Given data: Begin

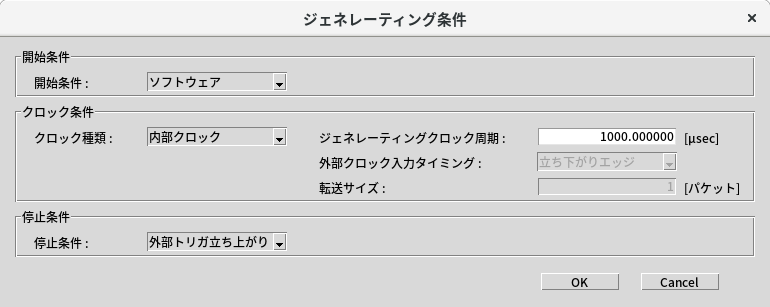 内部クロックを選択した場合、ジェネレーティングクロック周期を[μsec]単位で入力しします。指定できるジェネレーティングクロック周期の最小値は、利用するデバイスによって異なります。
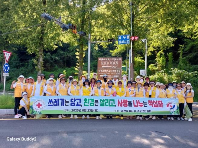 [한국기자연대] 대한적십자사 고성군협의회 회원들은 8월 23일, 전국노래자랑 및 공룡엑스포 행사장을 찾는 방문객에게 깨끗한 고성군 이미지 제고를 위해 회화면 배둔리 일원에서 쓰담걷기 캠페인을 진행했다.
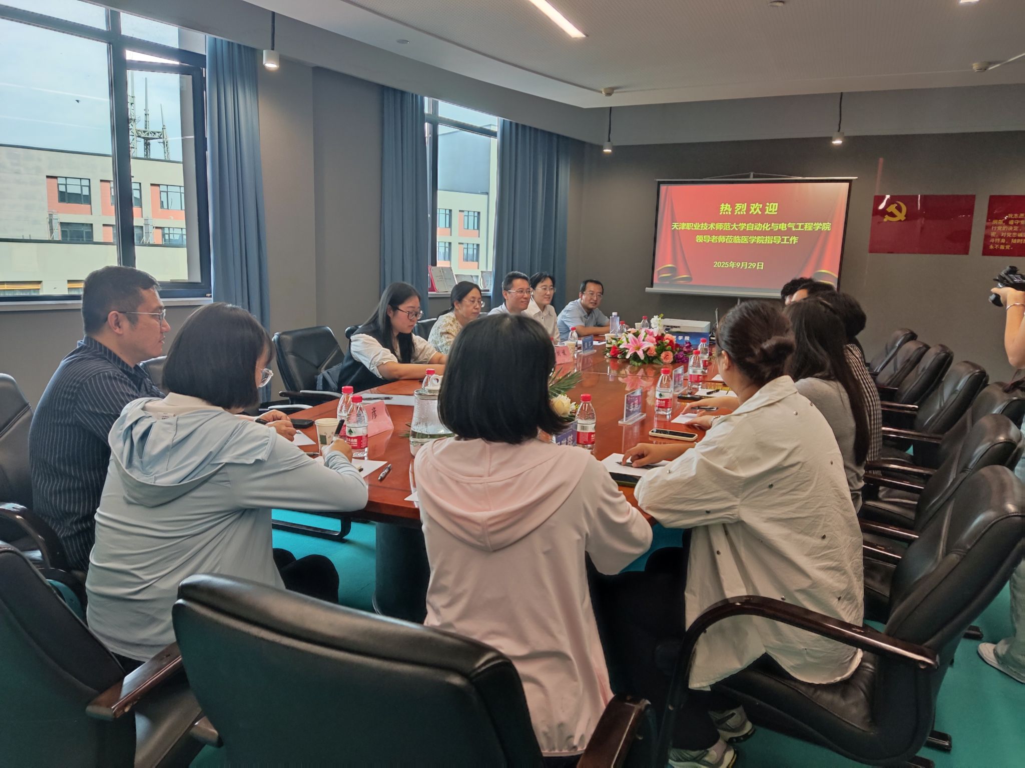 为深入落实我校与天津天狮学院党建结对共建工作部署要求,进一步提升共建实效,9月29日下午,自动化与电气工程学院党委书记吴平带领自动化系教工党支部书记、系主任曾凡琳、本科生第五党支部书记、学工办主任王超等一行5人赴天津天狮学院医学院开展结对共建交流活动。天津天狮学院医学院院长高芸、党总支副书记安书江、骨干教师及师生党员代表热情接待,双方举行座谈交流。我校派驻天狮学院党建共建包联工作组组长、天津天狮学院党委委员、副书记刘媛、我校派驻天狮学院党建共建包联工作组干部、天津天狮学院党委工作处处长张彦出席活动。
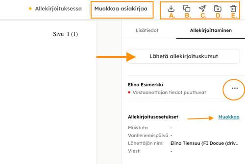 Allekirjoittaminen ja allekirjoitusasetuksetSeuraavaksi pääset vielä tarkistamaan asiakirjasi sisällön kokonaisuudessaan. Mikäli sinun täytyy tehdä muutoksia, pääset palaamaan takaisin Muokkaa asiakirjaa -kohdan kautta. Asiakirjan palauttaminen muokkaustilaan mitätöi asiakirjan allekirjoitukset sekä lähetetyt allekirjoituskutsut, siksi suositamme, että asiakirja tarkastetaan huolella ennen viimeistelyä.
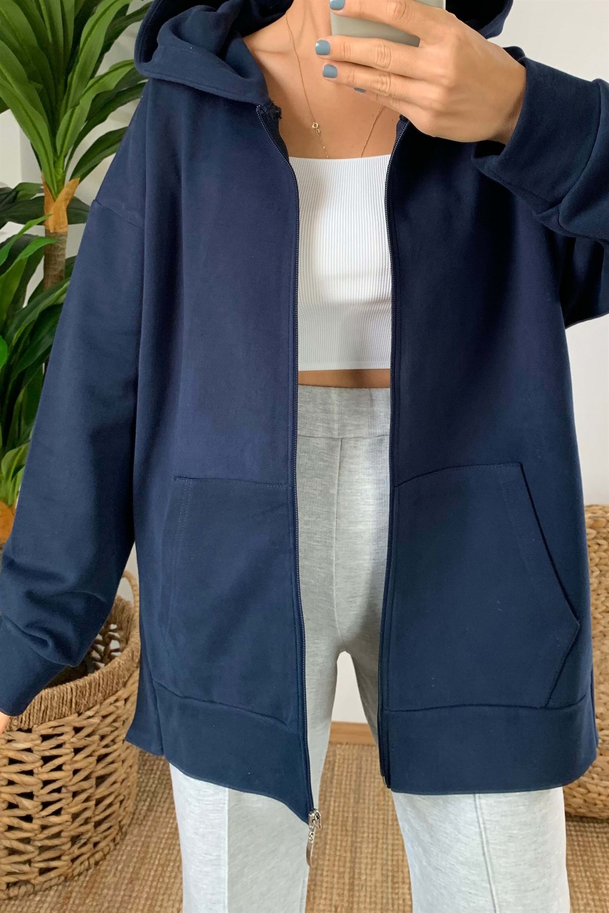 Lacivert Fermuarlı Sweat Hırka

Given data: End

## Task objective
No pictures belong in the answer. It must repeat exactly the lines from the line with "[한국기자연대] 대한적십자사 고성군협의회" through the final line of the records.

## Response
 [한국기자연대] 대한적십자사 고성군협의회 회원들은 8월 23일, 전국노래자랑 및 공룡엑스포 행사장을 찾는 방문객에게 깨끗한 고성군 이미지 제고를 위해 회화면 배둔리 일원에서 쓰담걷기 캠페인을 진행했다.
 为深入落实我校与天津天狮学院党建结对共建工作部署要求,进一步提升共建实效,9月29日下午,自动化与电气工程学院党委书记吴平带领自动化系教工党支部书记、系主任曾凡琳、本科生第五党支部书记、学工办主任王超等一行5人赴天津天狮学院医学院开展结对共建交流活动。天津天狮学院医学院院长高芸、党总支副书记安书江、骨干教师及师生党员代表热情接待,双方举行座谈交流。我校派驻天狮学院党建共建包联工作组组长、天津天狮学院党委委员、副书记刘媛、我校派驻天狮学院党建共建包联工作组干部、天津天狮学院党委工作处处长张彦出席活动。
 Allekirjoittaminen ja allekirjoitusasetuksetSeuraavaksi pääset vielä tarkistamaan asiakirjasi sisällön kokonaisuudessaan. Mikäli sinun täytyy tehdä muutoksia, pääset palaamaan takaisin Muokkaa asiakirjaa -kohdan kautta. Asiakirjan palauttaminen muokkaustilaan mitätöi asiakirjan allekirjoitukset sekä lähetetyt allekirjoituskutsut, siksi suositamme, että asiakirja tarkastetaan huolella ennen viimeistelyä.
 Lacivert Fermuarlı Sweat Hırka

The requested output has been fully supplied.